I followed the preliminary up with a detailed package by the end of the day. Sutton called me that evening to say charges against Tony Manelli had been dropped, “pending further police investigation.” Which, according to Sutton, had started up already, cops swarming the Garden, interviewing Knicks and trainers, wives and girlfriends. Beer guys and janitors, too, probably.
“You want me to stay on it?” I asked. “I’ve got a list of things I didn’t do yet, stuff I’d have gone into deeper if I’d been looking to solve the case, not just muddy the waters.”
“I’ll let you know, but I don’t think so. I don’t really care what they find as long as they don’t come back at Tony again. We embarrassed them, let’s leave them alone for now. Go ahead and send your bill.”
“Forget it. Professional courtesy, for Tony.”
“That won’t make him happy.”
“Someday I’ll need him, he can do the same.”

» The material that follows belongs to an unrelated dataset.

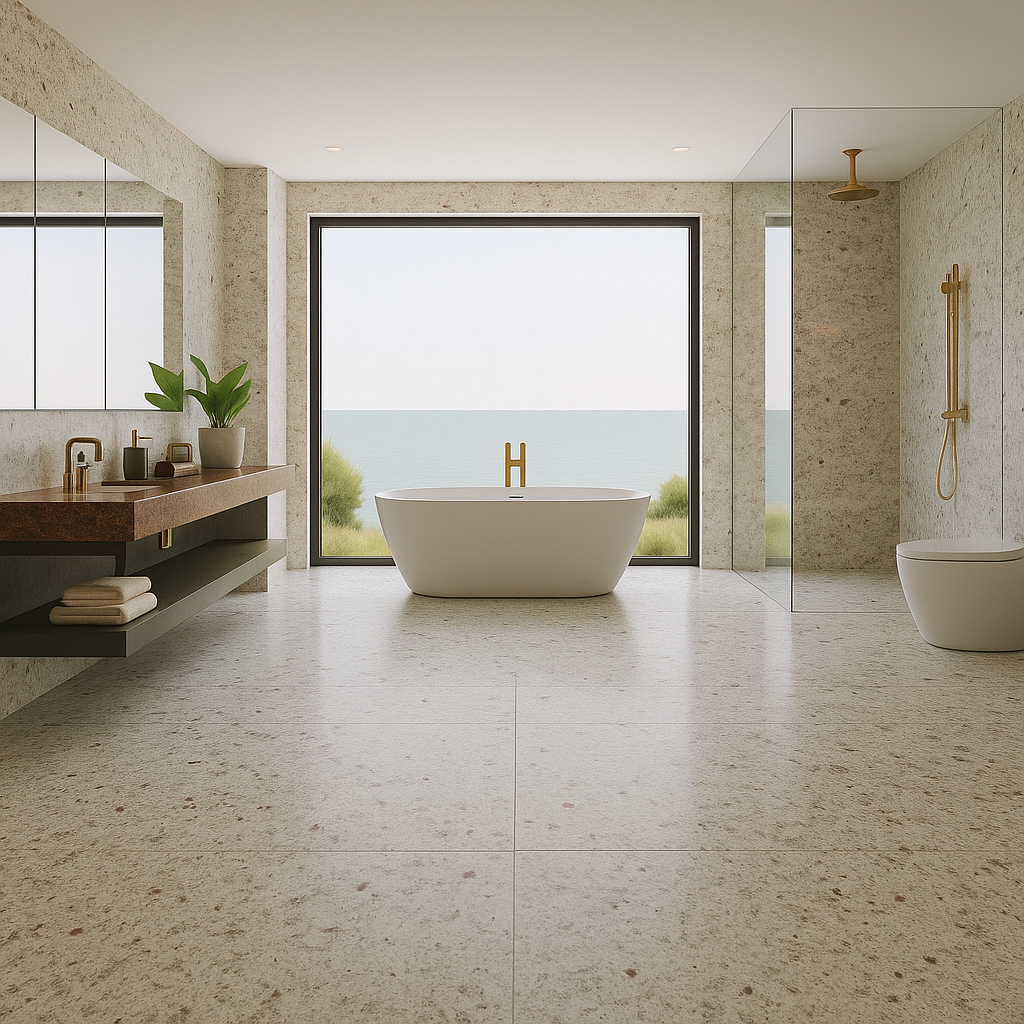 Cette pierre naturelle claire, associée à des finitions précises, apporte une élégance sobre et raffinée à chaque espace.

When I hung up I did some paperwork, cleaned up some loose ends on other cases. About eight I went down to Shorty’s, sat at the bar, drank bourbon and listened to the talk. The Knicks game, on the TV over the bar, was the topic, and the opinion of everyone was the same: they stank.
They were at the Garden, playing Indiana. They wore black ribbons on their shirts and Dan Wing wore one pinned to his lapel. The dancers, including Holly March, wore them on their spangled leotards. I wondered if Sam Landau and Randall Lee were wearing black, too.